• **Task details**:
Exactly and only the lines from the line holding "Our whole staff" to the end of the records should be reproduced. Leave pictures out.

• **Supplied information**:
════════════════
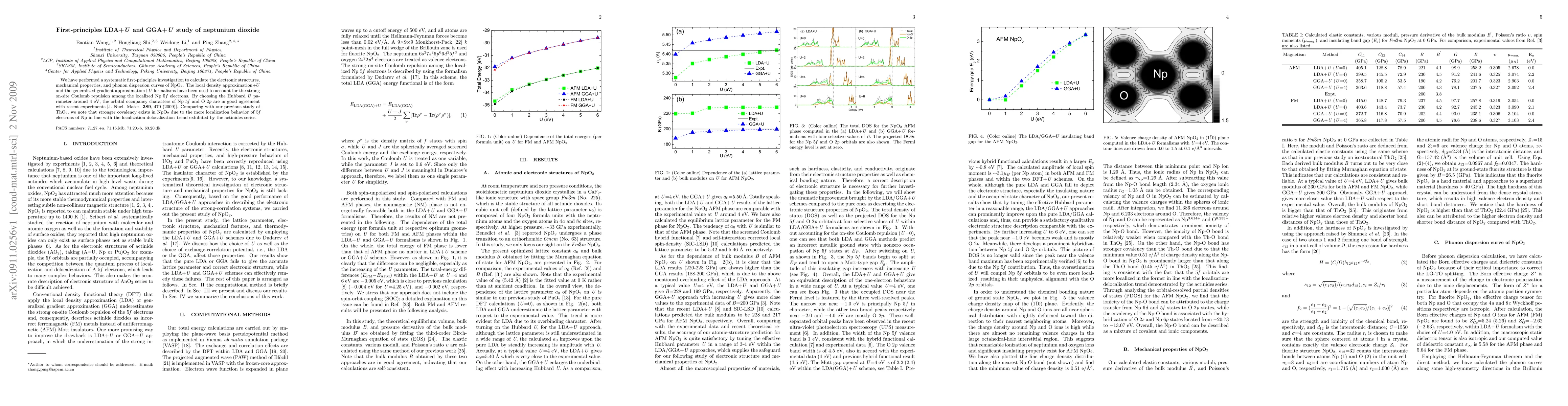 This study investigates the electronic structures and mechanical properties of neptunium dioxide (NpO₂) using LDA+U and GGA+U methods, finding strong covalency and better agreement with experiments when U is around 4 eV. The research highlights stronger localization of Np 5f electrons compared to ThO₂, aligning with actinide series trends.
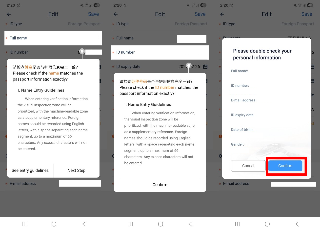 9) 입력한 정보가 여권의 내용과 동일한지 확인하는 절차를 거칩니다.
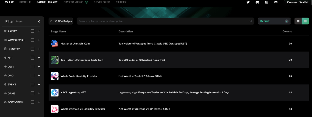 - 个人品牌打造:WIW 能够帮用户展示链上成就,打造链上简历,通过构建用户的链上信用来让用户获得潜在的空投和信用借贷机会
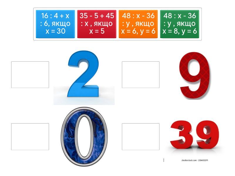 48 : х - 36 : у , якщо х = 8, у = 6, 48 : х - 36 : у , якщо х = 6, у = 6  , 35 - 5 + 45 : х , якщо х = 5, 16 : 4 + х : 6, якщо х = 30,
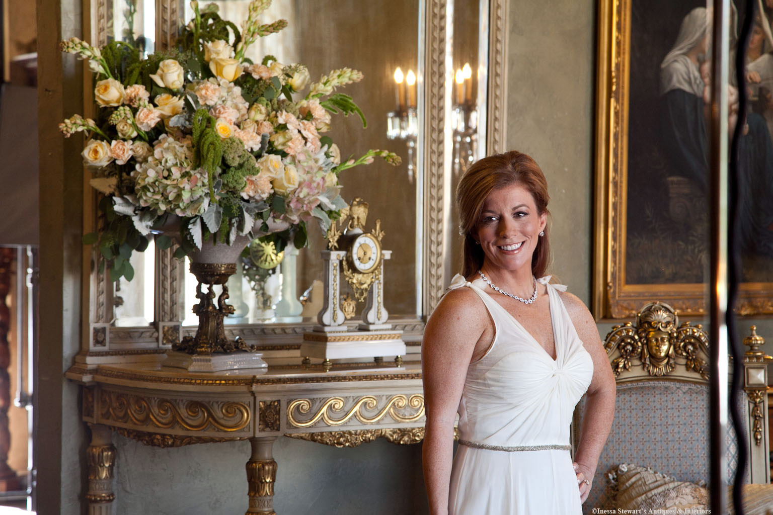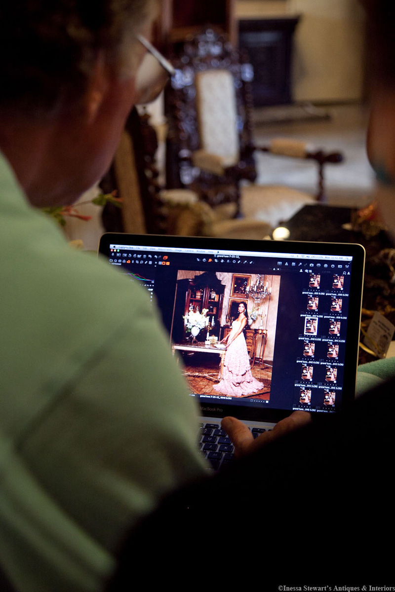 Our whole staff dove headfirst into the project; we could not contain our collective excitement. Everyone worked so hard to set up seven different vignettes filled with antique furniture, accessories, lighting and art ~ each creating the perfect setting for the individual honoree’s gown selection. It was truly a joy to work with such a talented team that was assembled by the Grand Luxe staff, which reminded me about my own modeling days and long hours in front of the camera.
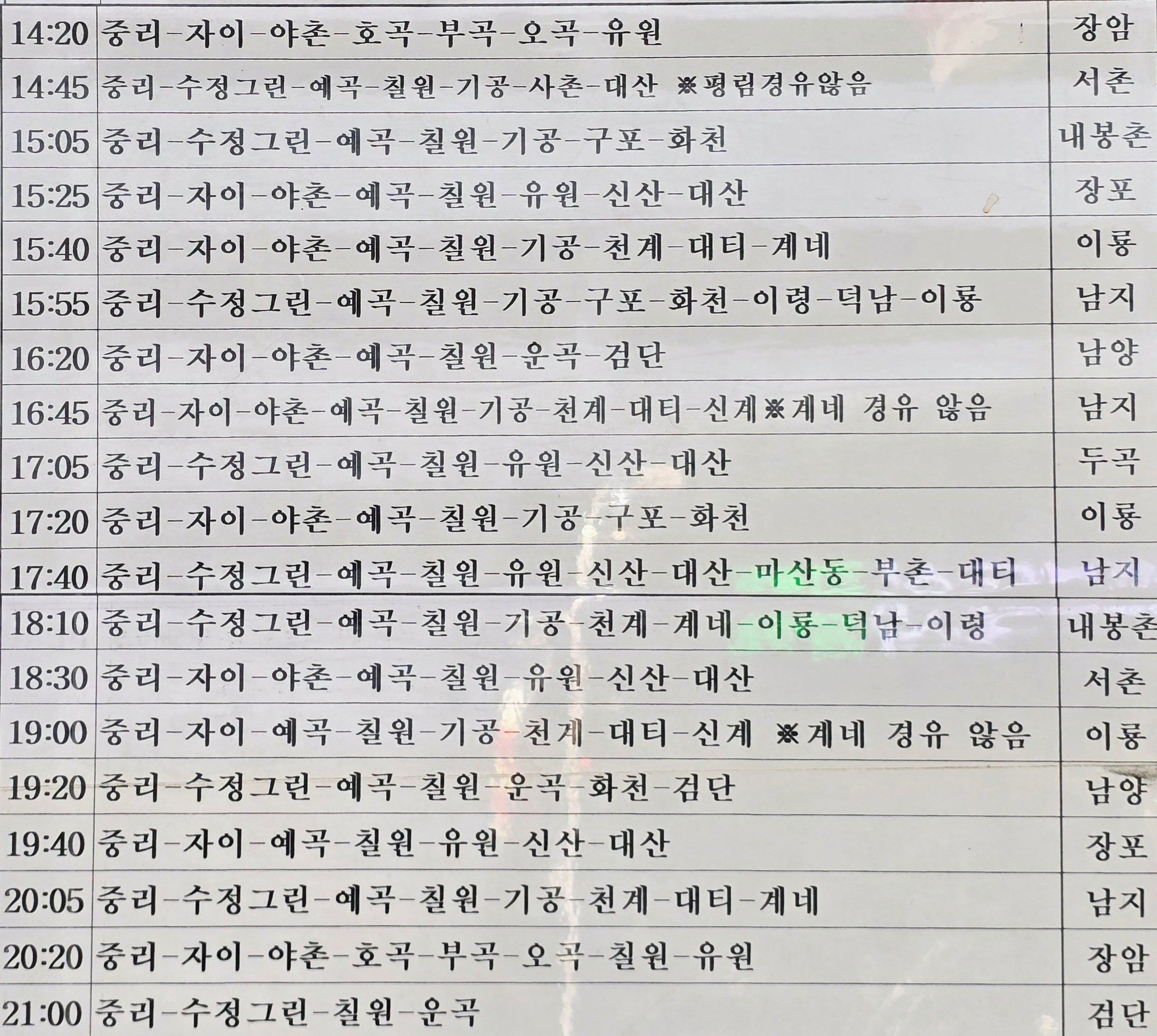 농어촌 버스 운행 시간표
════════════════
• **Your solution**:
 Our whole staff dove headfirst into the project; we could not contain our collective excitement. Everyone worked so hard to set up seven different vignettes filled with antique furniture, accessories, lighting and art ~ each creating the perfect setting for the individual honoree’s gown selection. It was truly a joy to work with such a talented team that was assembled by the Grand Luxe staff, which reminded me about my own modeling days and long hours in front of the camera.
 농어촌 버스 운행 시간표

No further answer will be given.